Well,
tanpa menduakan Khadijah dengan ketaatannya terhadap Allah dan Rasulullah. Tanpa
mengenyampingkan Ibu Kartini sebagai pelopor kebangkitan wanita pribumi. Tanpa
melupakan Putri Diana dengan aktivitas sosialnya. Ruang lingkup tulisan ini
diperkecil menjadi “Wanita Terbaik Sepanjang Masa dalam Hidupku”
Sembilan bulan aku bermukim
di rahim mami. Ya, ya, aku tahu itu hal lumrah yang dilalui manusia dalam
proses penciptaannya. Apa sih yang membuat mami begitu spesial? Kulit putihnya?
Mata sayunya? Suara merdunya? Atau karena beliau pernah nge-MC pelantikan hakim
tipikor se-Indonesia? Tidak!!
Best Female Actor
Dunia adalah panggung
sandiwara. Adagium yang tak asing lagi di telinga. Namun tak semua sepakat
memaknainya. Dan kira-kira dapat ku jelaskan seperti ini: “Kita yang bertemu
hari ini adalah jodoh. Tuhan telah mengatur semuanya. Aku terlahir dari rahim
Bu Deflina, Bu Deflina adalah anaknya Nek Celly, Nek Celly dikaruniai 11 cucu.
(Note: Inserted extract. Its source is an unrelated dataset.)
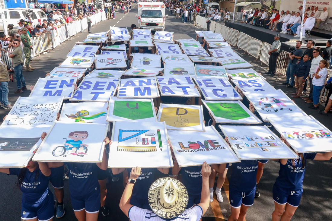El contingente cerró con la participación de la Facultad de Ciencias de la Educación, que celebró su 50 aniversario con una presentación que combinó música ranchera mexicana, danza, y un carro alegórico representativo de las tradiciones nacionales. En un emotivo gesto, estudiantes de la Licenciatura en Educación Especial interpretaron canciones en lengua de señas, promoviendo la inclusión y la igualdad.

Sebuah keluarga artinya kumpulan orang-orang yang ditakdirkan untuk bersama. Tuhan
yang menentukan peran dan kita yang membuat skenarionya. Di akhirat nanti, usia
kita sama (wallahualam). Tak ada kakak,
adik, ibu, ayah, apalagi nenek!” ^_^
Kembali ke laptop, eeh
mami. Baik sebagai sebagai seorang istri maupun ibu adalah dua peran yang
sangat krusial. Peran pertama untuk membesarkan pria. Dibalik pria sukses ada
wanita hebat. Peran kedua untuk mendidik anak-anaknya. Bahasa ibu adalah bahasa
pertama yang dimengerti anak-anaknya.
Setegar
Batu Karang
Ombak besar kerap ‘menampar’
batu karang. Namun batu karang senantiasa kokoh. Pernah suatu hari sang papi
nan tengah bertugas di Padang Sidempuan Sumatra Utara, tiba-tiba terpilih
sebagai salah 1 dari 9 hakim yang akan ditugaskan selama 3 bulan di Aceh. Tahun
2003, untuk apa? Mengadili kasus Gerakan Aceh Merdeka (GAM)! Detik-detik
menjeang keberangkatan papi ke Aceh, kulihat mami memeluk erat pria berkacamata
itu TANPA AIR MATA. Setiap hari papi menghubungi kami lewat telepon genggam
Nokia 3310 itu. Papi bercerita bahwa setiap hari terdengar bunyi bom. Awalnya
setiap letusan bom memekik, papi selalu pingsan. Lama kelamaan menjadi
terbiasa. Mami di sini menjaga aku yang masih SMP, adikku Vivi yang masih SD,
dan adikku Fenny yang masih berusia 3 tahun. Tak pernah kulihat mami dengan
wajah dirundung duka. Meski kecamuk itu kian melanglangbuana, senyuman lebar
tetap mempesona. Apa jadi kalau kediaman papi digelinding salah satu benda
penghancur itu?
Ah, Cuma satu kisah,
tak ada yang spesial untuk menjadi wanita terbaik. Tunggu dulu! Tahun 2006,
hampir 3 tahun kami jejaki wilayah Lampung. Saat seorang terdakwa mengancam
akan melempari rumah kami dengan truk penuh batu, kulihat mami berusaha
menghibur kami anak-anaknya. Padahal malam itu lampu sengaja kami matikan agar
terlihat tak ada kehidupan di rumah dinas ini. Lagi, TAK ADA AIR MATA.
Kita masuk ke bagian
yang paling pelik kawan. Sebuah daerah di Sulawesi Selatan yang masih kental
dengan mistisnya. Papi merasakan sakit yang teramat sangat. Berulang kali
berobat ke dokter ternama sekalipun, jawaban mereka sama “Bapak tidak sakit.”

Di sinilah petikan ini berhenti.